RE: ACTION-240 :TLS errors...

I think what you're proposing sounds consistent with the recommendations
presented in
http://www.w3.org/2006/WSC/wiki/RecommendationDisplayProposals/CertErr 

-----Original Message-----
From: public-wsc-wg-request@w3.org [mailto:public-wsc-wg-request@w3.org]
On Behalf Of stephen.farrell@cs.tcd.ie
Sent: Thursday, June 28, 2007 1:42 PM
To: public-wsc-wg@w3.org
Subject: ACTION-240 :TLS errors...


The action called for me to do a review of TLS errors. I went through
the RFC and found the attached.

Basically, I think that the only thing the normal user should need to
see is "secure connection error" (or whatever). Anything more should be
a click-through to get more detail and that detail should I think be
intended for sys admins and not for users.

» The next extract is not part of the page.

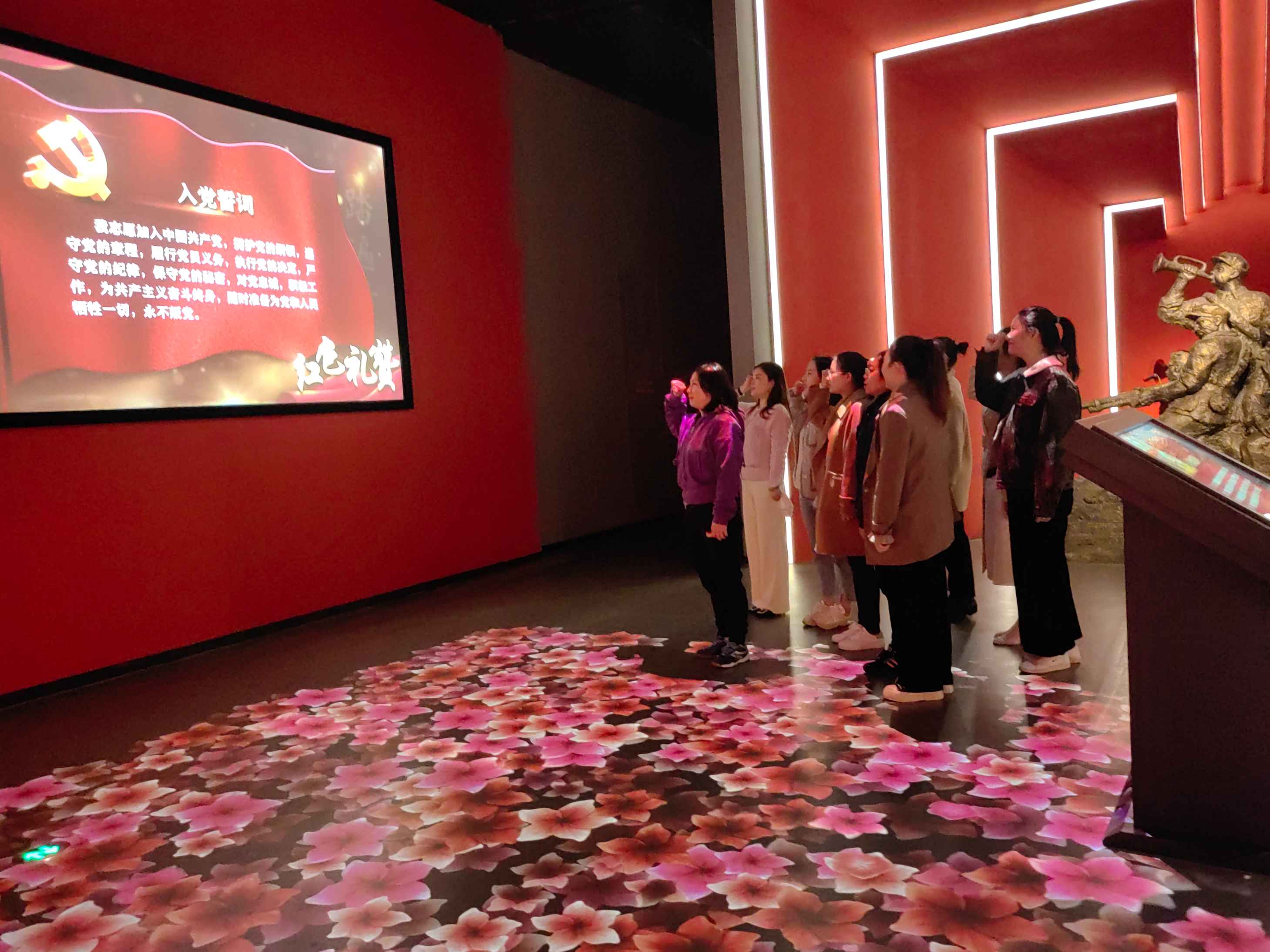 馆内,一件件珍贵的革命文物、一片片革命历史遗迹,一帧帧历史还原视频……讲述着这片红色土地上一个个感人的故事,追溯中国共产党领导江西人民的革命斗争史和共产党人的初心和使命。大家纷纷感慨当今的和平生活是烈士们用鲜血换来的,应当珍惜当下这来之不易的生活,好好工作。在疫情期间,更要向烈士们学习,奋勇在前线,打赢这场没有硝烟的战争。戈阳华书记在馆内,还带领着党员及积极分子重温入党誓词。所有党员和积极分子表示定当不忘初心,牢记使命。

There is probably no benefit in differentiating any of the errors
otherwise, since the PKI and authorization stuff is afaik generally not
useful. The former because no-one knows what a cert is, the latter
because I don't think anyone does authorization at that layer - its done
by the web server.

I don't see any point in tell normal users about crypto or other errors.

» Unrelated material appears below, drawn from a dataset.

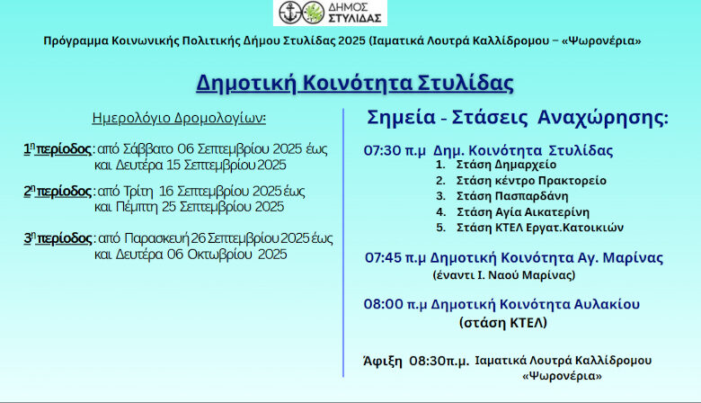 Ο Δήμος Στυλίδας, όπως και πέρυσι, συνεχίζει και φέτος να προσφέρει, στο πλαίσιο του κοινωνικού του προγράμματος, δράσεις που δίνουν τη δυνατότητα σε όλους τους πολίτες να συμμετάσχουν σε ιαματικά λουτρά.

So, I'd argue to add some text that only one TLS error ever be shown,
though I'm not sure how that'd be best done.

Regards,
Stephen.

PS: There's one potential additional thing - the gmt_unix_time value in
the ClientHello message could in principal cause an error if a server
required the time to be fresh/recent. But I don't think that's done, is
it? If not, then we could also add a proposal that servers don't, in
fact, cause an error for that reason. Maybe something to raise with the
TLS WG in the IETF as a potential future correction.